When it comes to innovation, Etihad Airways likes to do it differently.
In May, the airline decided to create a sort of hotel in the sky by revamping the upper deck of the world's biggest passenger plane – the Airbus A380. Now it has decided to match that by refurbishing staff uniforms.
Inspired by the glamour and mystique of the 1950s, the Italian haute couture designer Ettore Bilotta has reinvented the Etihad cabin crew look. Elegant berets, print scarves and pencil skirts; the new designs scream stylishness and they look more like fashion statements than uniform.
Here, Mr Bilotta talks about his latest designs and his source of inspiration.
How did the idea of changing the cabin crew outfit came about?
When Etihad was launched in 2003, they asked me to design their uniform. Since those years, the design was considered very elegant and won some awards. From the beginning, were inspired to design a semi-oriental style that is a mix between oriental and modern design. Then, after Etihad decided to change its image to celebrate the company's 10-year anniversary, they tasked me to design the uniform. Again the spirit of glamour and elegance was emphasised.
Was there any specific concept that the cabin crew outfit had to convey?
The very important concept of the new uniform was inspiration. It was important that the new uniform is not too rigid or so typical. It was important to create a uniform with style, or something that appears to be not a uniform but a dress. This was the challenge and the ideas with the new uniform. In fact, you don’t see any logo, except on the hat. You don’t see it otherwise on the outfit.
It was also important that the uniform would suit people from different cultures, since Etihad’s crew members come from different countries. It had to suit everybody.
Where did you get your ideas and inspiration from?

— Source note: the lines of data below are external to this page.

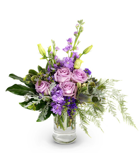 Does life feel a little hectic? The Inner Harmony arrangement brings peace to any space with its relaxing tones and pleasant fragrance. Roses, Stock and Statice in shades of purple, are accented by Blue Thistle and premium foliage.
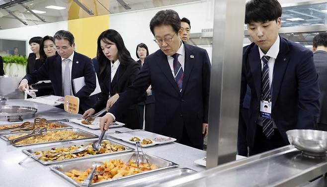 이재명 대통령이 14일 충북 진천 국가공무원인재개발원에서 70기 5급 신임관리자과정 교육생들에게 '국민주권시대, 공직자의 길'을 주제로 특강을 마친 뒤 구내식당에서 오찬을 하고 있다.
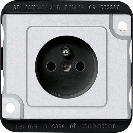 The Schneider Electric MTN Silver Plug Socket is a 16A French 2P socket designed for flush mounting.
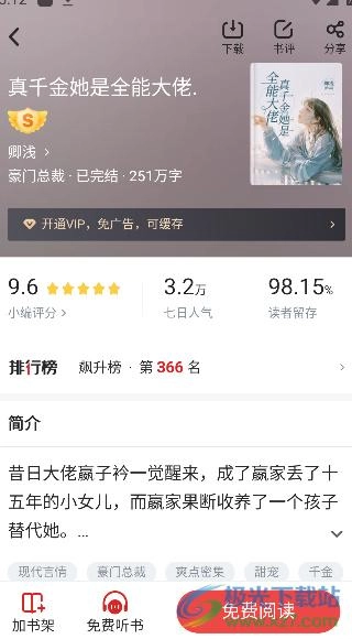 2、点击进入阅读页面,右下角的免费阅读点一点。

The general inspiration came from the 1950s and its movie stars. The inspiration for the women's outfit was the American actress Lauren Bacall. For the men, it was inspired by Clark Gable of Gone With The Wind fame. However, the print in the scarf was inspired by ideas from the 1970s. It was a combination of the idea of beauty of the Fifties and some inspiration of textile from the Seventies – same with the coat.
How many sketches did you make?
I created many designs for different figures such as the cabin manager – both male and female – the butler and the food and beverage manager. We designed over 300 sketches. We had to present many sketches until we arrived at the final ones. There were one or two selected by the company. The colours also played another factor, as they had to have the internal colours of the new aircraft.

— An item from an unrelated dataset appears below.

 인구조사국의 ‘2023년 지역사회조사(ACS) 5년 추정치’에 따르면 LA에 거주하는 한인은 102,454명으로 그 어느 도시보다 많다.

What was the greatest challenge that you faced this time?
The greatest challenge was creativity. We had to combine the style, the elegance, the glamour along with elements of the practical needs of the staff that work in the airline. It had to be comfortable. Also, females in the in-flight crew were not allowed to wear trousers, because the element of femininity had to be emphasised. It was only allowed for ground staff.

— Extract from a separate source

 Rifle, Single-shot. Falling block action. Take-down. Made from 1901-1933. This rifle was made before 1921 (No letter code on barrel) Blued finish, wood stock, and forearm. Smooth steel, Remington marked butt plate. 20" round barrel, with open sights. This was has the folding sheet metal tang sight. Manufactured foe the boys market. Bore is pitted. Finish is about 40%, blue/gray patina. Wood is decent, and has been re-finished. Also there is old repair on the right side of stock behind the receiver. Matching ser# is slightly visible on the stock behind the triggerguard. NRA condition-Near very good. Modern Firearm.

Were there any interesting ideas that you had to discard?
We had so many ideas that we had to let go of and so many designs to come up with. It was hard to arrive at a final one that was agreed upon.
Are the Etihad uniform design briefs the only ones you have undertaken?
Before Etihad I didn’t design uniforms for other companies in the corporate sphere. I am a designer of haute couture, so Etihad was the first airline for us to design the uniform for in 2003 and in 2014.